WORK TO COMPLETE — Copy the lines below exactly, starting at the one with "BALENCIAGA 經典牛皮八卡男短夾" and ending at the one with "Dues should be", and leave out any picture.

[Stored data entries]
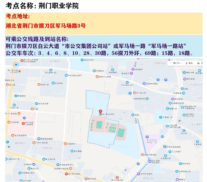 2.荆门职业学院(荆门市掇刀区军马场路3号)
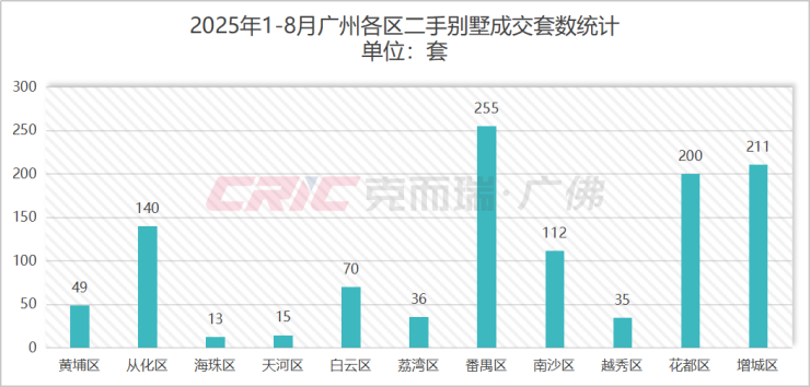 今年1-8月番禺区二手别墅成交225套,位列十一区第一,购买力旺盛。
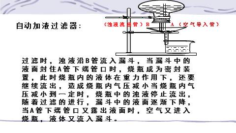 过滤时,浊液沿B管流入漏斗,当漏斗中的液面封住A管下端管某某,烧瓶成为密封装置,此时烧瓶内的液体在重力作用下,还要继续流出,造成烧瓶内气压减小当烧瓶内气压减小到一定时,烧瓶中的浊液停止流出,随着过滤的进行,漏斗中的液面逐渐下降,当A管下端管口又露出液面时,空气又进入烧瓶,液体又流入漏斗。
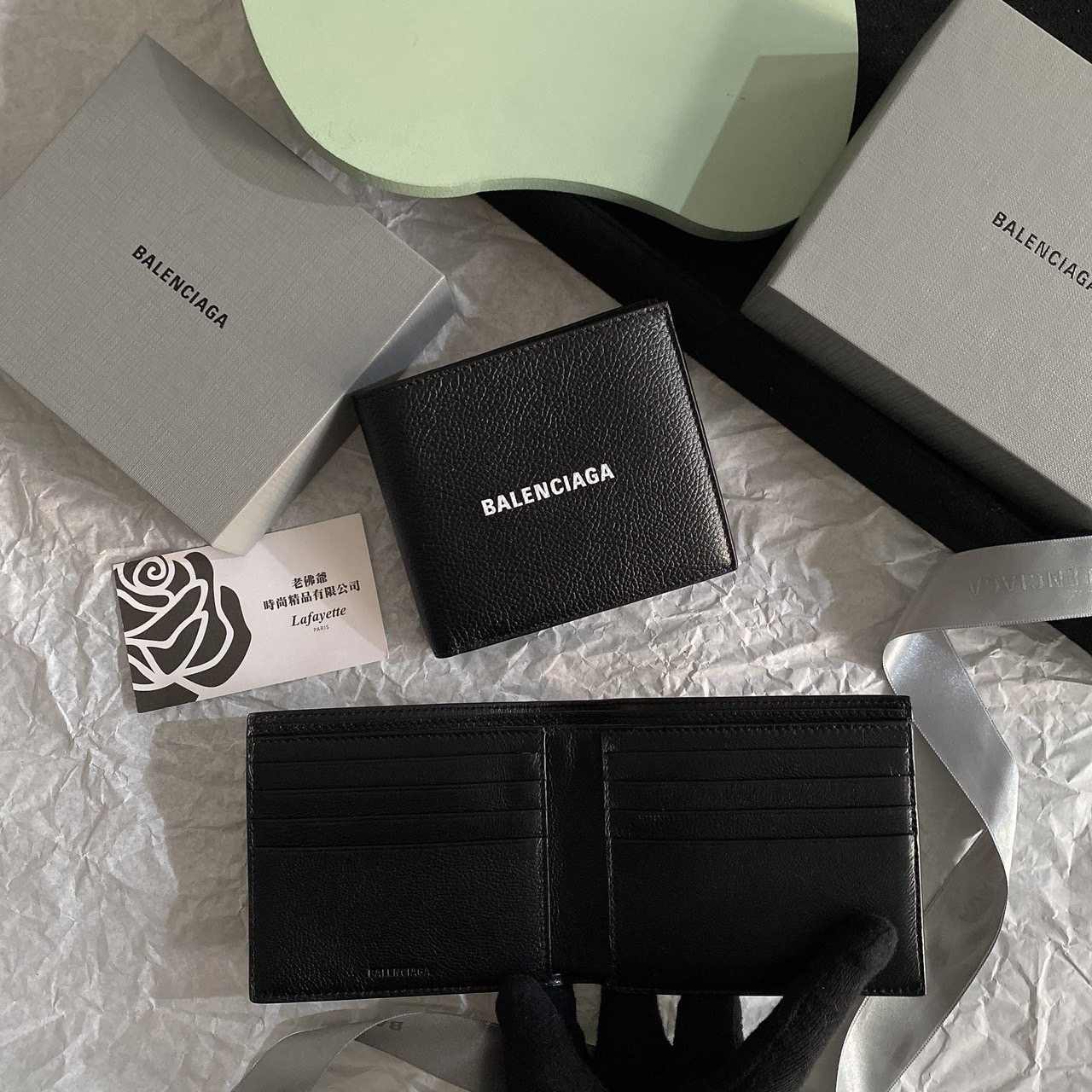 BALENCIAGA 經典牛皮八卡男短夾
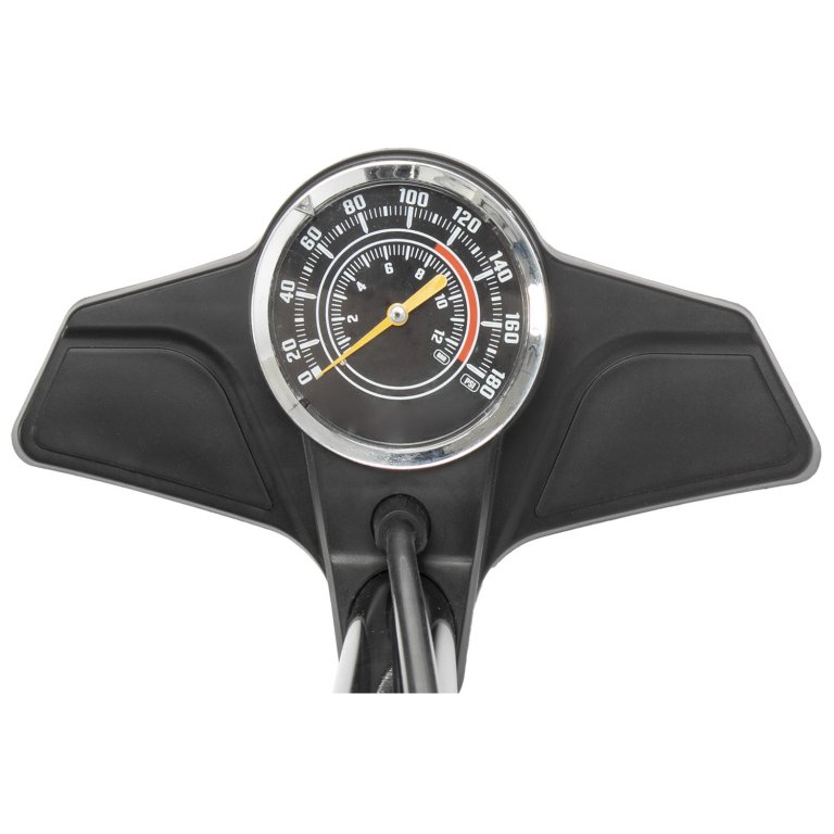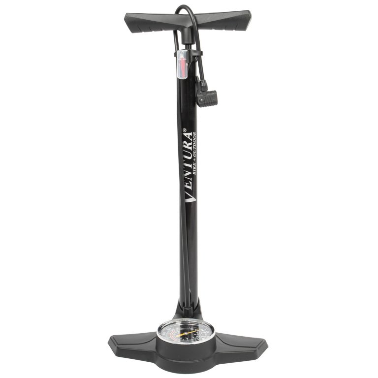 nožní pumpa Ventura s manometrem flexibilní dvojitá hlava (AV, FV, DV) s jehlou na míče a adaptérem na nafukovací matrace měkká madla protiskluzová úprava nožní plochy maximální tlak 120psi/ 8bar materiál: ocel originální balení
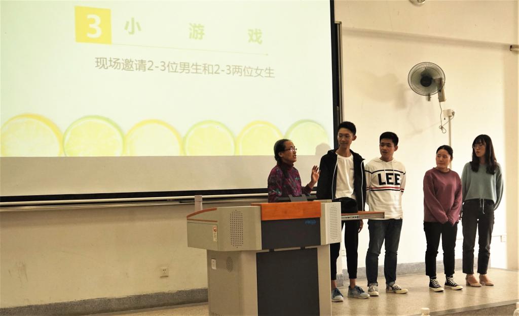 在讲座开始前,沈力晔医生首先为同学们播放了一段生动有趣的性教育视频,引发同学们的讨论,讲座现场气氛也随之活跃起来。沈医生邀请几位同学走上讲台分享自己关于大学生恋爱的观点。在了解到同学们内心关于恋爱的看法后,沈医生向同学们介绍了人生的不同阶段以及青春期的心理变化,使同学们对当前所处的成长时期有了进一步的了解。最后,沈医生重点讲述了性人际交往与安全,使同学们了解了更多的性知识,也懂得了保护自己的方法。最后,她还邀请同学们上台做游戏,通过游戏环节的推进,促进在场同学们更好地理解普通人际沟通技巧,使讲座在愉快的氛围中结束。
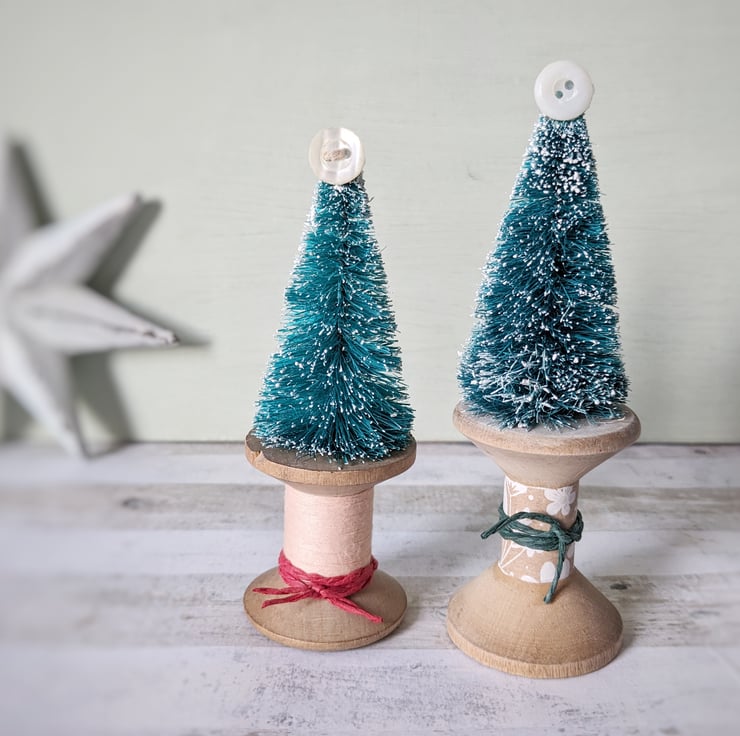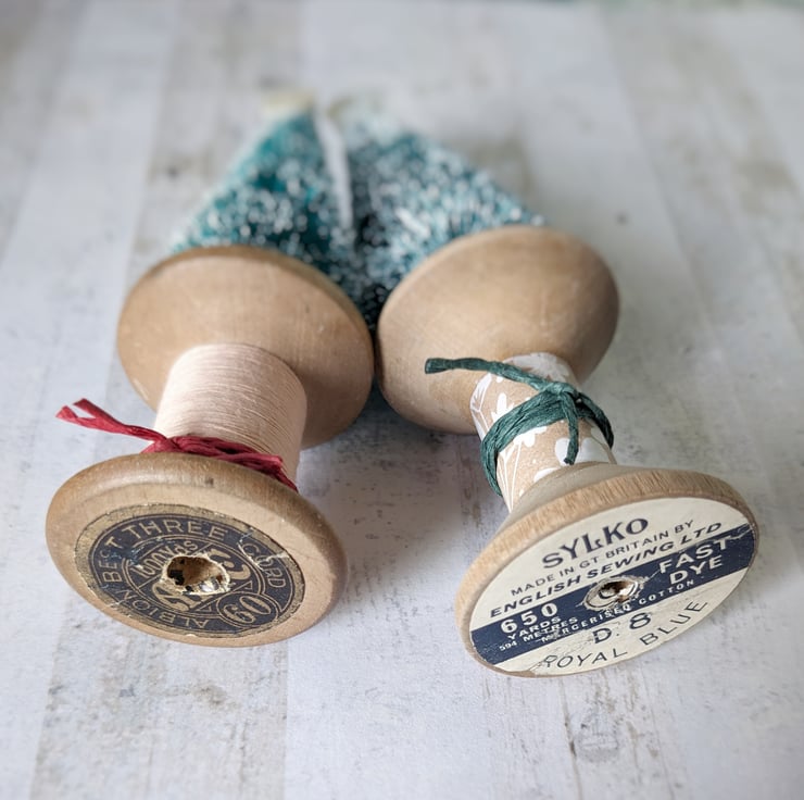 A little Festive tree sits atop a worn vintage wooden bobbin with a teeny mother of pearl button for a star!
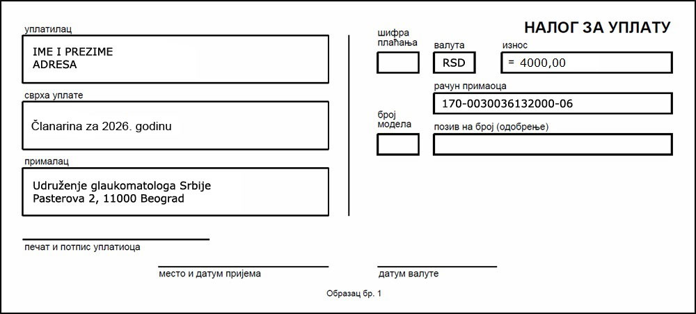 Dues should be paid to the bank account number 170-0030036132000-06 UniCredit bank, postal / money order or bank’s personal payment at the premises of the SGS (Pasterova street 2, Belgrade). The annual membership fee is 4,000.00 dinars.
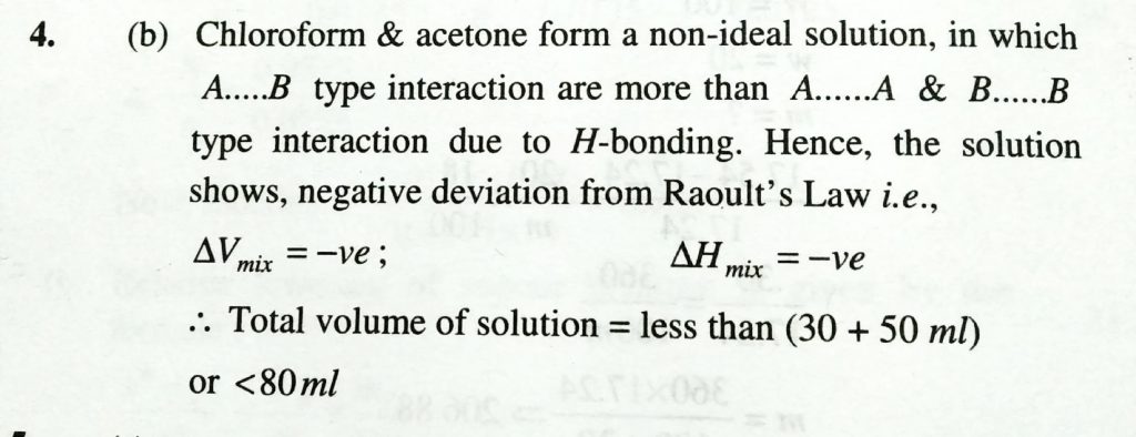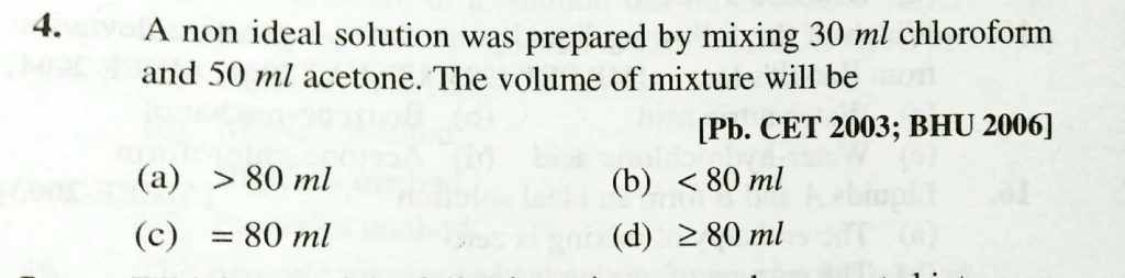 A non ideal solution was prepared by mixing 30 ml chloroform and 50 ml acetone . The volume of mixture will be A non ideal solution was prepared by mixing 30 ml chloroform and 50 ml acetone . The volume of mixture will be December 13, 2020 Category: Uncategorised (JEE Advanced Physics by BM Sharma + GMP Solutions) , Facebook Messenger WhatsApp Share this:TwitterFacebook Related
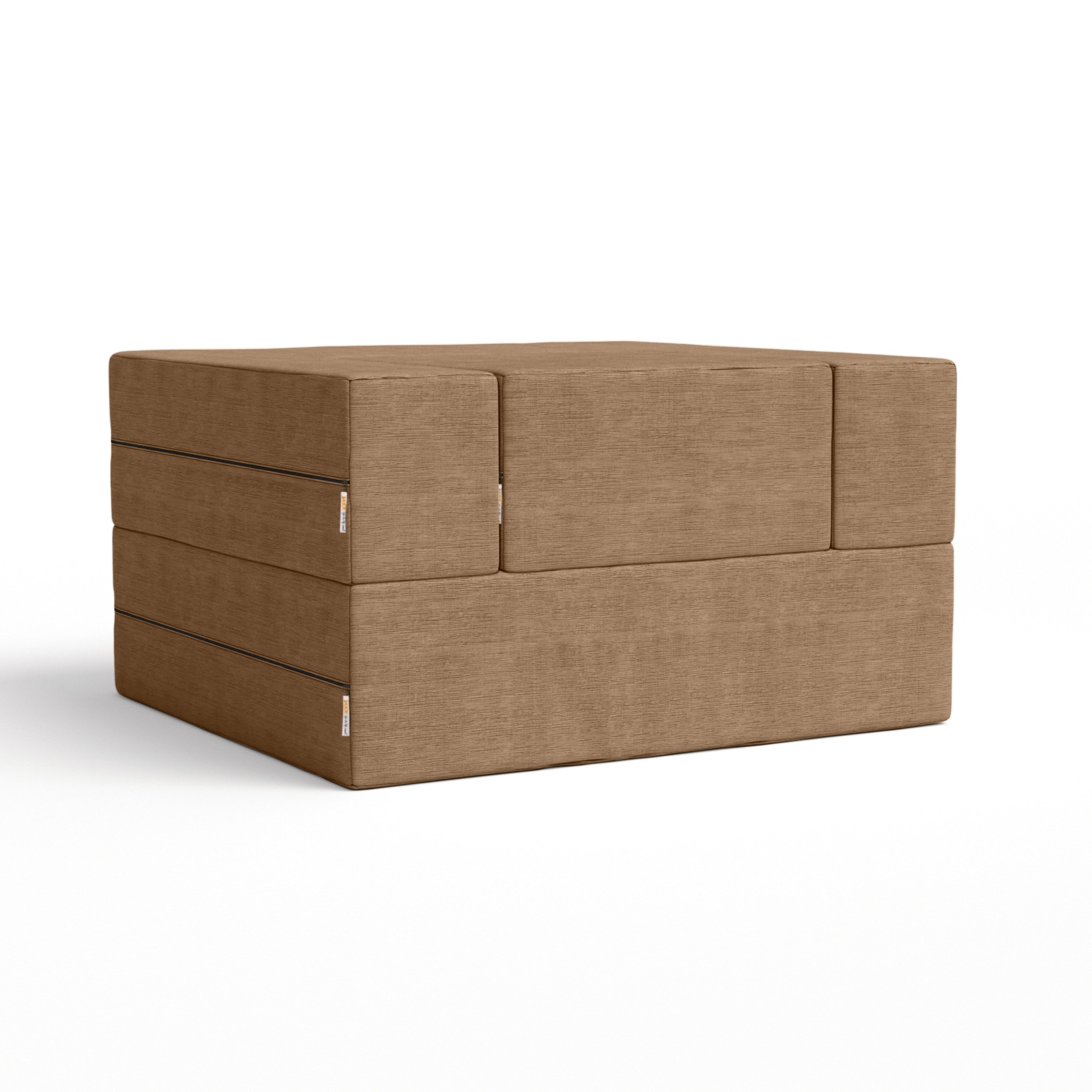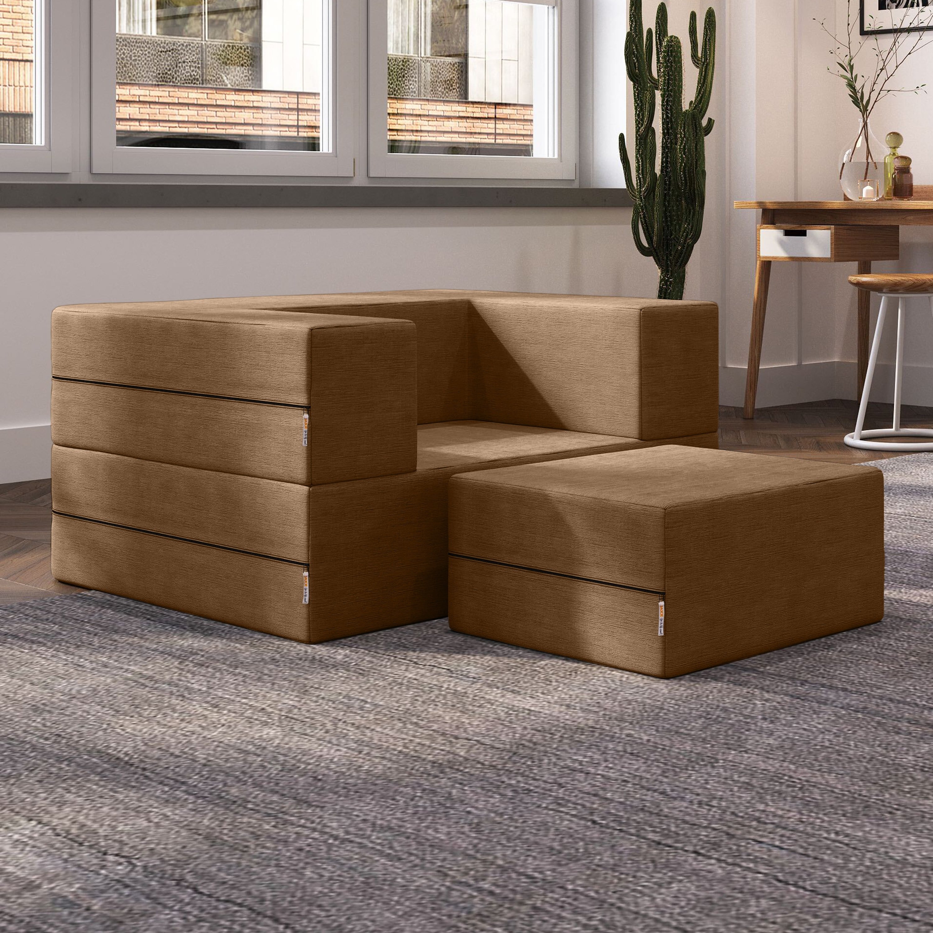 A chair as clever as it is stylish; the Zipline Convertible Sleeper Chair with Ottoman is a fun and functional centerpiece for any room. With its 3-tiered multifunctional design, it creates the perfect layout for your space with the ability to customize quickly and easily. Lounge in its chair form and use the accompanying ottoman to put your feet up. Or, stack the ottoman inside the chair to play cards or use it as a spacious barstool. Even better, fold it out completely and get some sleep on the twin-size mattress. The soft and durable covers are both removable and machine-washable. Care Instructions for Cover: machine-wash with cold water, tumble-dry on low heat.

ANSWER TO THE EXERCISE —
 BALENCIAGA 經典牛皮八卡男短夾
 nožní pumpa Ventura s manometrem flexibilní dvojitá hlava (AV, FV, DV) s jehlou na míče a adaptérem na nafukovací matrace měkká madla protiskluzová úprava nožní plochy maximální tlak 120psi/ 8bar materiál: ocel originální balení
 在讲座开始前,沈力晔医生首先为同学们播放了一段生动有趣的性教育视频,引发同学们的讨论,讲座现场气氛也随之活跃起来。沈医生邀请几位同学走上讲台分享自己关于大学生恋爱的观点。在了解到同学们内心关于恋爱的看法后,沈医生向同学们介绍了人生的不同阶段以及青春期的心理变化,使同学们对当前所处的成长时期有了进一步的了解。最后,沈医生重点讲述了性人际交往与安全,使同学们了解了更多的性知识,也懂得了保护自己的方法。最后,她还邀请同学们上台做游戏,通过游戏环节的推进,促进在场同学们更好地理解普通人际沟通技巧,使讲座在愉快的氛围中结束。
 A little Festive tree sits atop a worn vintage wooden bobbin with a teeny mother of pearl button for a star!
 Dues should be paid to the bank account number 170-0030036132000-06 UniCredit bank, postal / money order or bank’s personal payment at the premises of the SGS (Pasterova street 2, Belgrade). The annual membership fee is 4,000.00 dinars.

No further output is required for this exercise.